Giovanni Traverso, oder: Der Maßstab für Erfolg ist nicht die Komplexität, sondern die Effektivität
Traverso unterhält noch immer eine klinische Praxis in Brigham und Frauenklinik, die mehrere Wochen im Jahr an der gastroenterologischen Sprechstunde teilnehmen. Der Kontakt mit den Patienten hält die Probleme konkret und hilft bei der Entscheidung, welche Rätsel im Labor gelöst werden müssen.
„Vor uns liegen viele Rätsel, und ich konzentriere mich auf Bereiche, die eine Lösung bieten, die den Menschen kurzfristig hilft“, sagt er. Für Traverso ist der Maßstab für Erfolg nicht die Komplexität der Technik, sondern die Effektivität des Ergebnisses. Das Ziel ist immer eine Therapie, die für die Menschen, die sie brauchen, funktioniert, wo immer sie sich befinden..
Besonders interessant ist ein aktuelles Laborprojekt: Es geht um Pasta. Unter der Leitung des Doktoranden Jack ChenDas Projekt beinhaltet den Einsatz generativer KI zur Entwicklung neuer Nudelformen.Gestaltwandler„“ mit besserer Haftung an der Soße.
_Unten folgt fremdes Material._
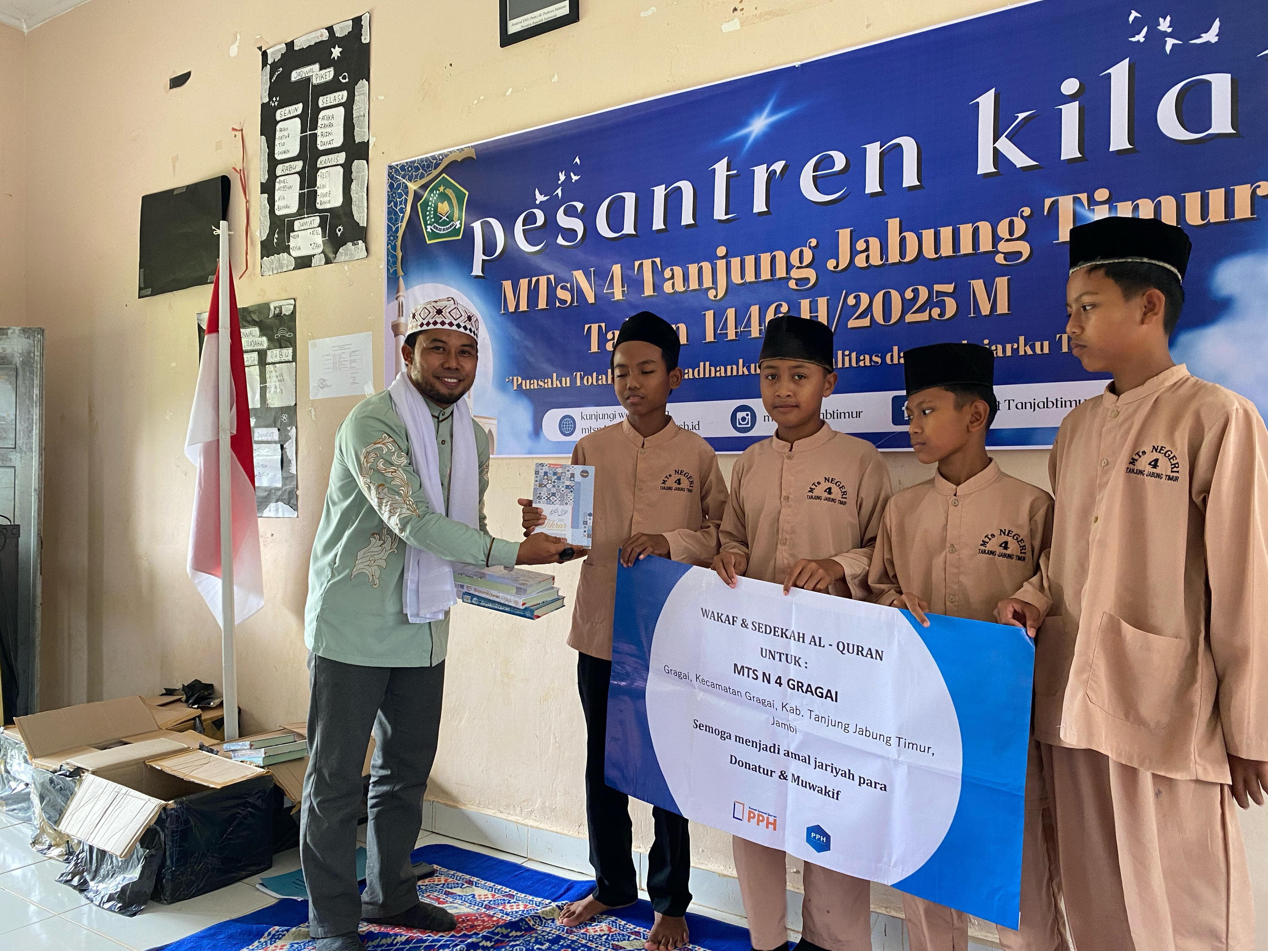 Dalam rangka mendukung program pendidikan Agama, MTsN 4 Tanjung Jabung Timur menerima donasi Al-Qur'an melalui wakaf dan sedekah yang diberikan oleh para donatur dan muwakif. Kegiatan ini berlangsung dengan acara Pesantren Kilat di mana sebanyak 183 Al-Qur'an dibagikan kepada seluruh siswa/i MTsN 4 sebagai upaya untuk mempermudah mereka dalam mempelajari isi kitab suci Al-Qur'an.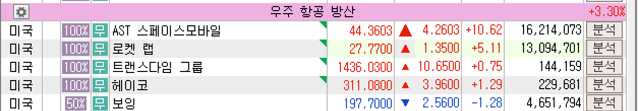 우주항공 섹터에서는 AST 스페이스 모바일, 로켓랩이 좋은 흐름이 나타났습니다.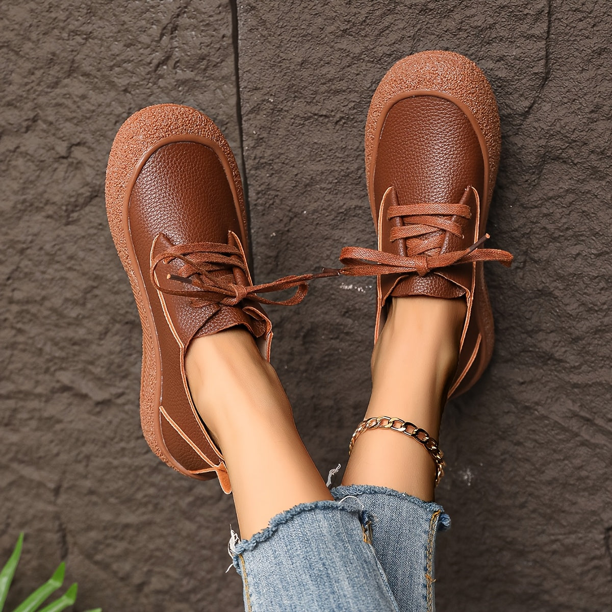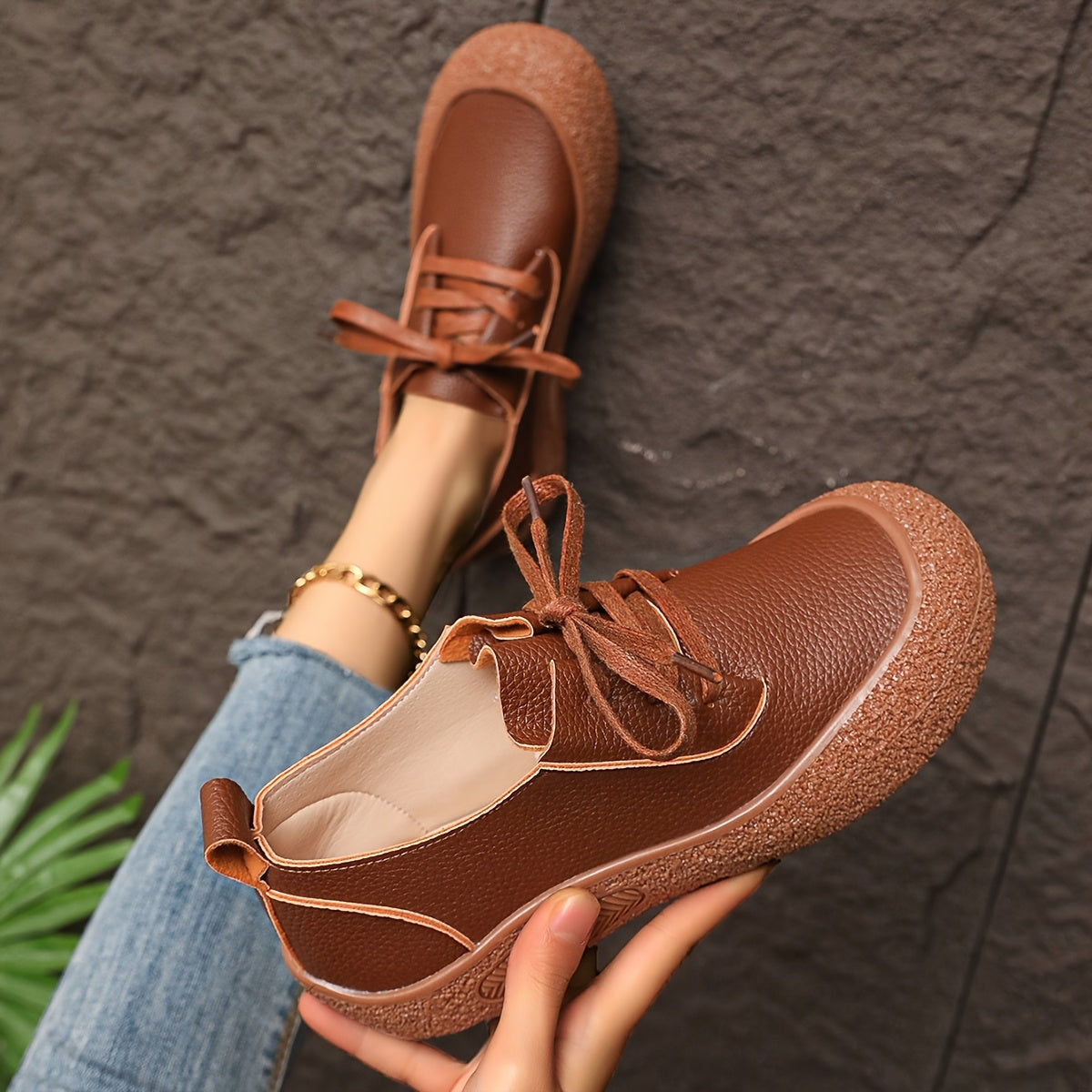 Women's Flat Shoes Leather-Style Casual Shoes Comfortable Red All-Season

Chen und seine Mitarbeiter (von Chefköchen bis hin zu Experten für Strömungsdynamik) wenden bei dieser Forschung die gleiche analytische Genauigkeit an wie ihre „seriöseren“ Kollegen.
Es ist eine spielerische Arbeit, aber auch ein Mikrokosmos der Laborkultur: interdisziplinär bis ins Mark, ohne Angst, Grenzen zu überschreiten und verwurzelt in Traversos Überzeugung, dass gute Ideen es verdienen, getestet zu werden, selbst wenn sie scheitern.
In seinen Kursen am MIT, wie Translationale TechnikGiovanni Traverso lädt Experten der FDA, aus Krankenhäusern und Start-ups ein, um die Herausforderungen der weltweiten Medizintechnikentwicklung zu diskutieren. „Er hat uns sein Netzwerk zur Verfügung gestellt“, sagt Murphy, der den Kurs während seiner Arbeit im Labor besuchte. „Jetzt, wo ich versuche, ein Start-up zu gründen, kann ich diese Leute erreichen.“ Die Laborkultur ist so kooperativ, dass jeder jedem etwas beibringen möchte. „Wenn Sie auf eine Herausforderung in einem Bereich stoßen, in dem Sie nur begrenzte Kenntnisse haben, besteht die Möglichkeit, dass jemand anderes im Labor über diesen Hintergrund verfügt und Ihnen gerne hilft.“
„Ich würde sagen, die meisten Dinge, an denen ich beteiligt war, sind gescheitert“, wiederholt Traverso. „Aber ich denke, es kommt darauf an, wie man Versagen definiert.“ Scheitern ist nicht das Ende, es ist nur Information.
Und im Labor für Translationales Engineering ist der Grundstein für die Zukunft bereits gelegt: Informationen sind die Währung, die am meisten zählt.